As for what to monitor, that is application specific and should go into the application manifest or configuration management. But generally there should be some sort of active operation that touches the common data path, such as a login, creation of a dummy object such as for example an empty order, validation of said object, and destruction/clean up.
Outside the application there should be checks for whatever the application relies on. Working DNS, NTP drift, Ansible health, certificate validity, applicable APT/RPM packages, database vacuums, log transport health, and the exit status or last file date of scheduled or backgrounded jobs.

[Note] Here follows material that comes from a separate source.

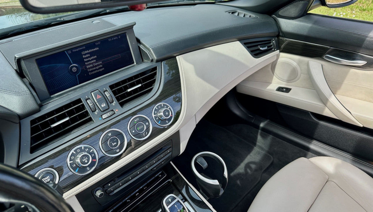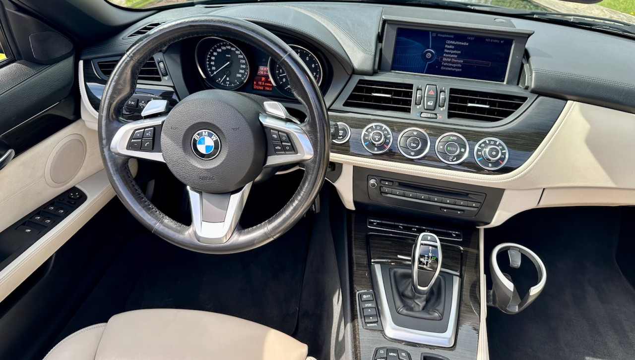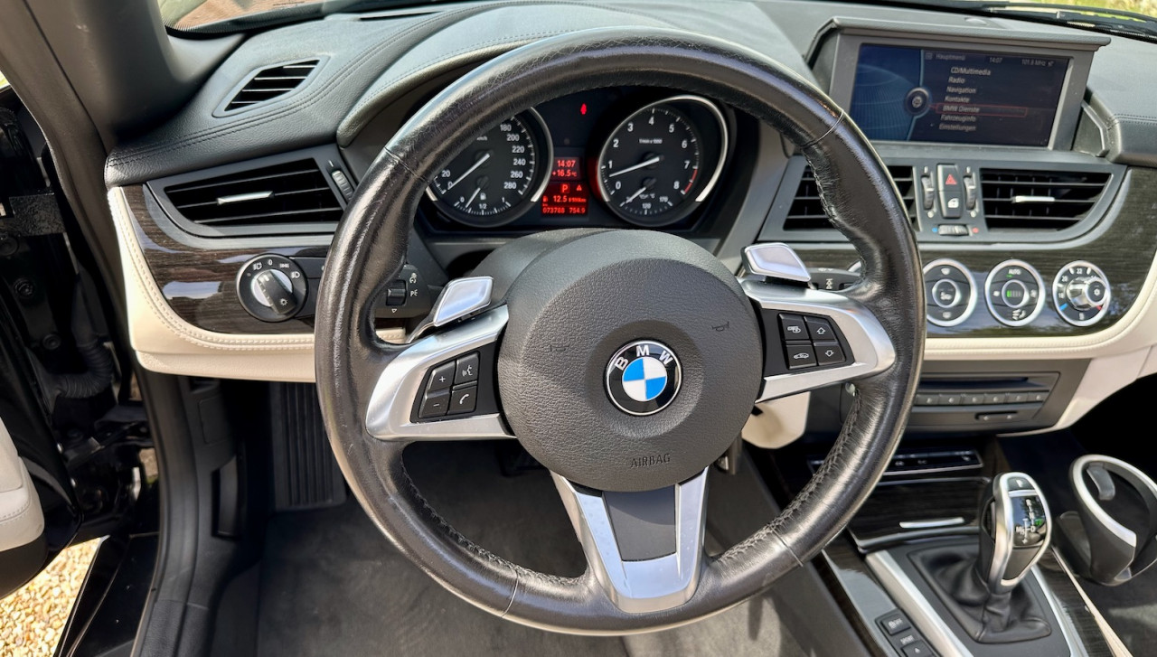 BMW Z4 Roadster 35i S-Drive LUXE, Noir Saphir métallisée, intérieur cuir Blanc Ivoire avec inserts décoratifs en finition bois ligne esthète, I-Drive, PDC, 306 CV
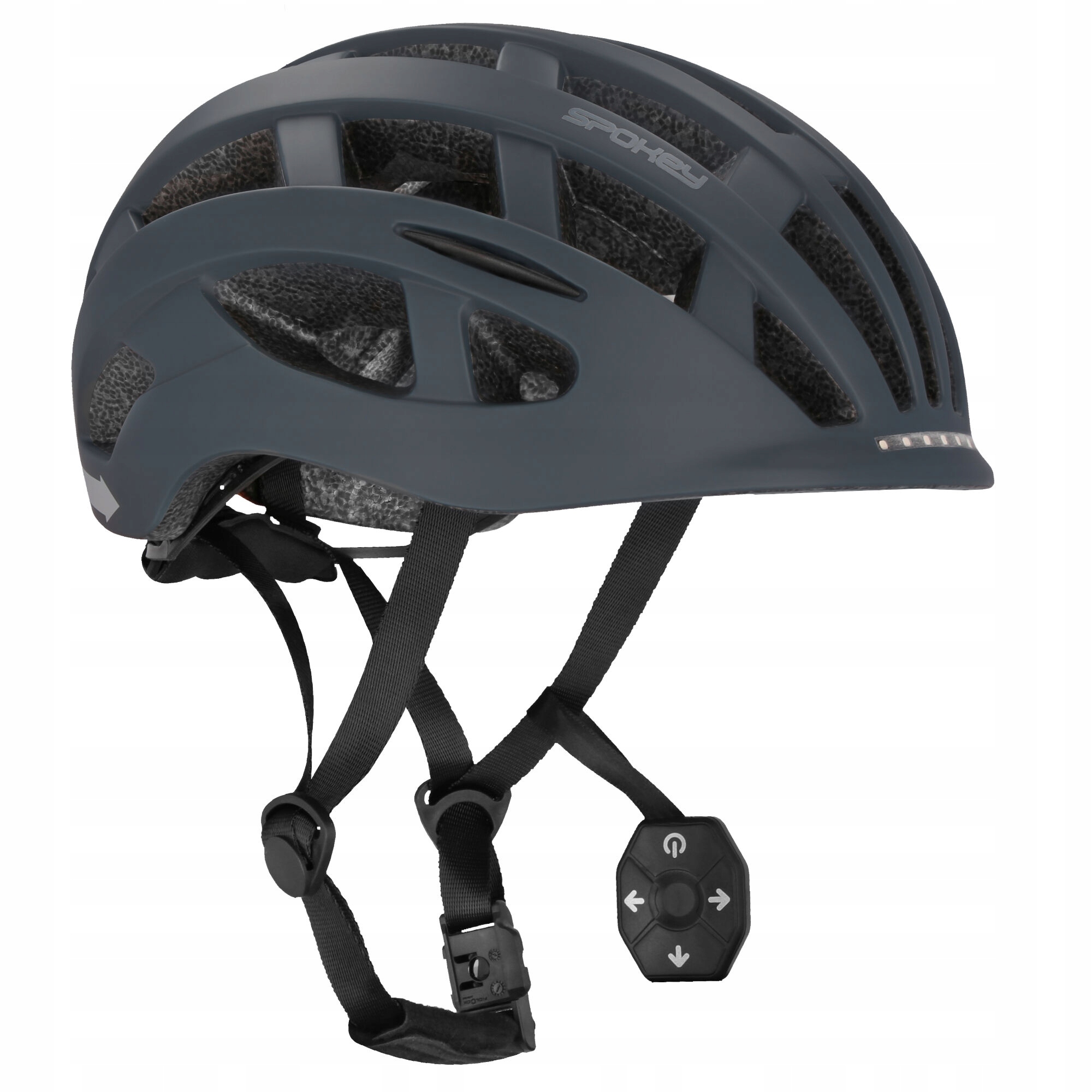 Однією з найбільших переваг велосипедного шолома Spokey POINTER PRO є його вага - він не є зайвим тягарем, оскільки важить лише 250 г і в той же час він надзвичайно міцний. Внутрішній шар дорожнього шолома - це EPS піна, яка чудово поглинає вібрації, що виникають під час їзди по нерівних поверхнях, і поглинає силу удару під час падінь. Велосипедний шолом POINTER PRO забезпечує повну безпеку - навіть вночі! Завдяки світлодіодному освітленню з покажчиками повороту, вас буде видно завжди і скрізь, незалежно від умов, що склалися. Ви можете легко вказати своє бажання змінити напрямок руху за допомогою зручного пульта дистанційного керування.

Metrics should be collected for total connections, their return status, all types of I/O latency and throughput, and system resources such as CPU, memory, disk space.
by 29athrowaway on 8/18/24, 3:15 AM
Follow Brendan Gregg's USE method
https://www.brendangregg.com/usemethod.html
by kkfx on 8/17/24, 6:24 PM
Essentially at a very generic level (from SOHO to not that critical services at SME level):
- automated alerts on unusual loads, meaning I do not care about CPU/RAM/disk usage as long as there are specific spikes, so the monitor just send alerts (mails) in case of significant/protracted spikes, tuned after a bit of experience. No need to collect such data over significant periods, you have size your infra on expected loads, you deploy and see if you have done correctly, if so you just need to see usual things to filter them keeping alerts only for anomalies;
- log alerts for errors, warning, access logs etc, same principle, you deploy and collect a bit, than you have "the normal logs", you create alerts for unusual things, retention depend on log types and services you run, some retention could be constrained by laws;
Performance metrics are a totally different thing that's should be decided more by the dev than the operation, and much of it's design depend of the kind of development and services you have. It's much more complex because the monitor itself touch the performance of the system MUCH more than generic alerting an casual ping and alike to check service availability. Push and pull are mixed, for alerts push are the obvious goto, for availability pull are much more sound etc. There is no "one choice".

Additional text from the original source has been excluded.